Ven­te à emporter (AI)
  • Les lan­ce­urs d’a­ler­te signalent les abus en inter­ne ou en exter­ne ; de nombreu­ses ent­re­pri­ses en Sui­s­se éta­blis­sent des systè­mes de signa­le­ment et ont des poli­ti­ques for­mel­les en la matière.
  • Le grou­pe A._____ a man­da­té le cabi­net d’au­dit C. en tant que four­nis­seur de ser­vices de dénon­cia­ti­on exter­ne pour rece­voir et enquêter sur les signalements.

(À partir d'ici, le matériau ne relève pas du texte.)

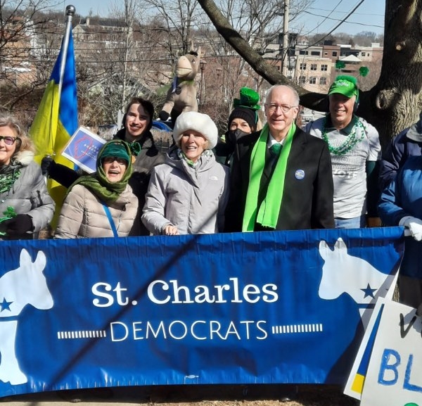 Well, the joke might be on Fassbender after all. I heard they were going to film the St. Patrick’s Day parade for use in the show, and you can guess who was marching in it with the St. Charles Democrats. I’m the one in the pic with shamrock antennae just behind US House Representative Bill Foster with the green scarf.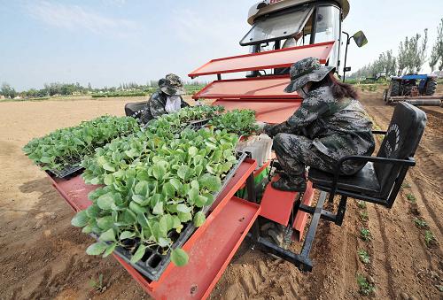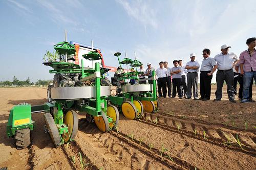 为了降低蔬菜与玉米的种植成本,提高种植效益,从2011年起,宁夏回族自治区在石嘴山市惠农区、平罗县、青铜峡市、吴忠市利通区、银川市永宁县试点示范蔬菜、玉米机械化育苗移栽技术。目前,已完成近千亩的试验示范面积,机械化移栽较人工移栽亩节约成本50元每亩以上,增产5%以上,对稳定“菜篮子”和确保粮食安全具有积极的促进作用。新华社记者彭昭之摄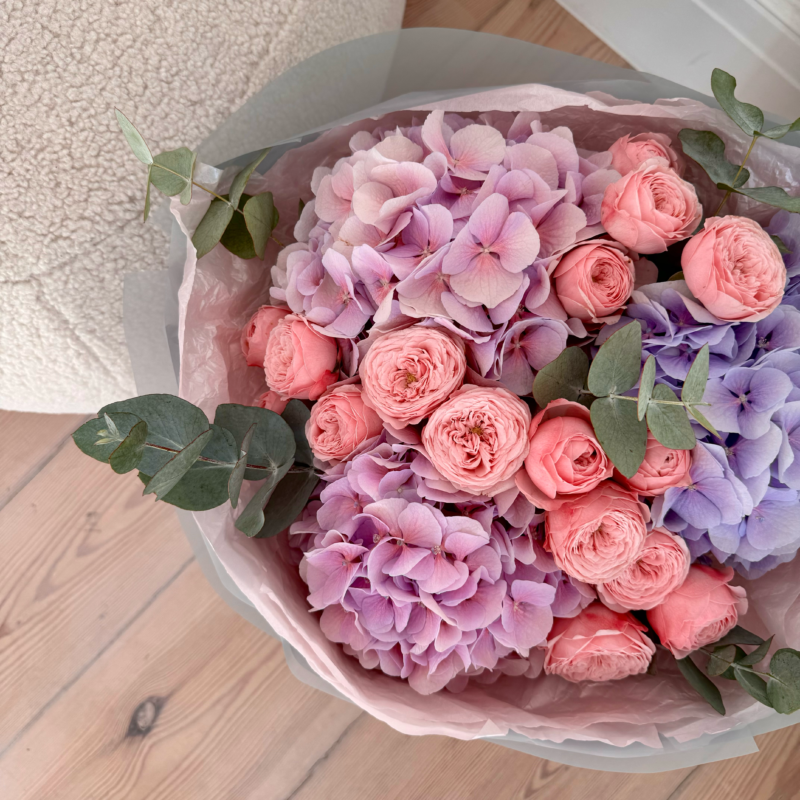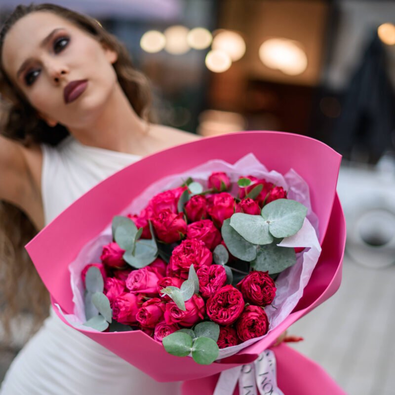 od 220 złGałązkowe piwoniowe róże z eukaliptusem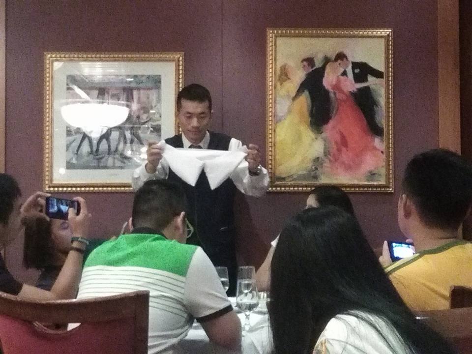 Di makan malam terakhir, makan malam agak berbeda dengan hari-hari sebelumnya. Kami kembali ke Top Hat and Tails. Xiaolong dan Pak Gede melayani kami dengan sama baiknya. Bahkan, Xiaolong membuatkan beberapa hiasan kepala dari sapu tangan untuk beberapa perempuan di grup indo. Waiter mengingatkan bahwa akan ada parade spesial sebagai tanda perpisahan dari tim dapur dan restoran. Ternyata nyaris seluruh waiter memberhentikan kegiatan mereka sejenak, dan masuk ke dalam dapur. Ketika keluar, puluhan waiters dari berbagai negara berbaris dan melambai-lambaikan sapu tangan dan berkeliling di ruang makan. Tampaknya itu juga terjadi di dua decks lainnya. Kemudian di tangga tengah deck 3, waiters dan chefs mempertunjukan beberapa kebolehan, seperti menyanyi dan menari. Sekejap, orang-orang beranjak dari mejanya dan merangsek ke bagian tengah restoran untuk menyaksikan aksi itu. Dilayani selama empat malam berturut-turut membuat kebanyakan penumpang merasa memiliki keterikatan dengan para waiters. Banyak dari mereka yang mengajak berfoto dan memberikan tip.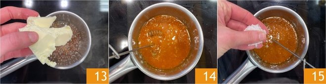 When the caramel has reached an amber color, add the butter 13 and stir with a whisk, just long enough to combine 14. Finally, add the salt 15 and turn off the heat.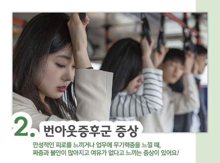 나른하고 더워진 날씨에 ‘무기력감’을 느끼는 분들 많이 계실 텐데요. 하지만 날씨 때문이 아니라 ‘과도한 업무로 인한 무기력증’일 수도 있다는 사실! 계속되는 야근이나 과중한 업무에 주말에도 쉬지 못해 무기력증과 만성피로를 느끼신다면 ‘번아웃증후군’이 아닌지 의심해봐야 합니다. 직장인의 건강을 위협하는 번아웃증후군, 오늘 자세히 알아보도록 하겠습니다.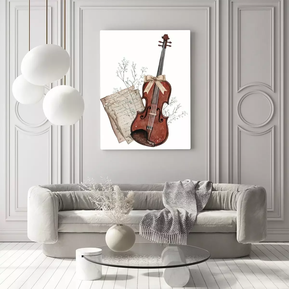 Bild Watercolor violin illustration. Strings musical instruments in classic style
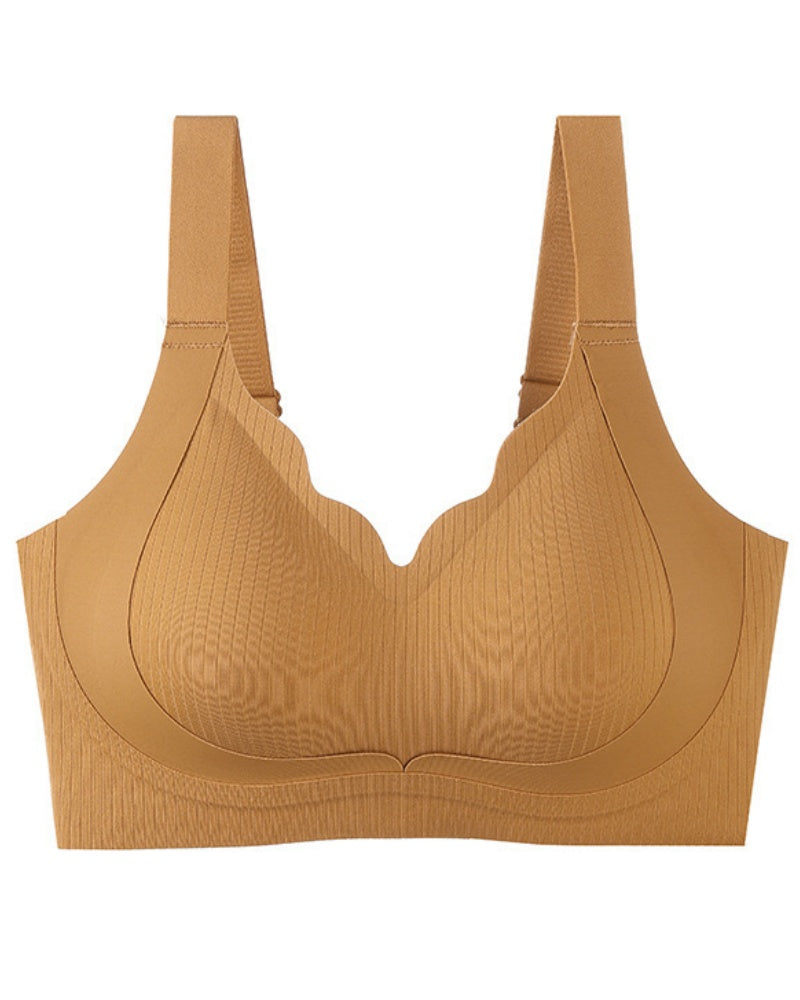 This seamless bra is designed to enhance your natural curves with its comfortable push-up padding, providing a flattering lift without compromising on comfort. The deep V neckline adds a touch of allure, making it the ideal choice for both casual and special occasions. Crafted from soft, stretchy materials, this bra ensures a snug fit that moves with you, allowing for all-day wear without irritation.

  • L’in­stance infé­ri­eu­re a reje­té la deman­de de mesu­res de pro­tec­tion de la défen­der­es­se, car cel­le-ci n’a pas prou­vé qu’el­le met­tait en dan­ger de maniè­re cré­di­ble des inté­rêts dignes de protection.

3.1 Les lan­ce­urs d’a­ler­te sont des per­son­nes qui atti­rent l’at­ten­ti­on sur des dys­fonc­tion­ne­ments au sein de leur orga­ni­sa­ti­on. Si les dys­fonc­tion­ne­ments sont signa­lés à des insti­tu­ti­ons exté­ri­eu­res à l’or­ga­ni­sa­ti­on elle-même (auto­ri­tés de sur­veil­lan­ce, médi­as, etc.), on par­le de whist­le­b­lo­wing “exter­ne”. Si le signa­le­ment est effec­tué auprès d’un ser­vice au sein de l’or­ga­ni­sa­ti­on où des dys­fonc­tion­ne­ments appa­rais­sent, on par­le de whist­le­b­lo­wing “inter­ne” ([…]). De nombreu­ses ent­re­pri­ses, y com­pris en Sui­s­se, met­tent en place des systè­mes de signa­le­ment pour les whist­le­b­lo­wers. Le grou­pe A._____ a édic­té une Whist­le­b­lower Poli­cy (Urk. 6÷17÷3, en ver­si­on anglai­se et alle­man­de ; “Signal­ge­ber­po­li­tik”). Cet­te direc­ti­ve s’ap­pli­que à tous les employés de A. […] dans le mon­de entier. La socié­té d’é­co­no­mie et d’au­dit C. a été char­gée de rece­voir les signa­le­ments de lan­ce­urs d’a­ler­te et d’en­quêter à leur sujet. C. est le Whist­le­b­lower Ser­vice Pro­vi­der [WSP] de la défenderesse […].

4.2 L’in­stance pré­cé­den­te est arri­vée à la con­clu­si­on que la défen­der­es­se n’a­vait pas ren­du vrais­em­bla­ble une mise en dan­ger d’in­té­rêts dignes de pro­tec­tion. La deman­de pro­cé­du­ra­le de la défen­der­es­se (pour l’ad­op­ti­on de mesu­res de pro­tec­tion) doit être reje­tée sous cet aspect déjà (acte 2, p. 7, con­sid. 5.1.4). Elle a en out­re con­sidé­ré qu’il exi­stait des “inté­rêts fon­da­men­taux” du deman­deur à con­sul­ter le docu­ment 6/19 (y com­pris les anne­xes). La deman­de de la défen­der­es­se dev­rait éga­le­ment être reje­tée du point de vue des inté­rêts supé­ri­eurs du requé­rant. Pour les rai­sons sus­ment­i­onnées, les requêtes éven­tu­el­les et sub­si­di­ai­res doi­vent éga­le­ment être reje­tées (piè­ce 2, p. 7 ss).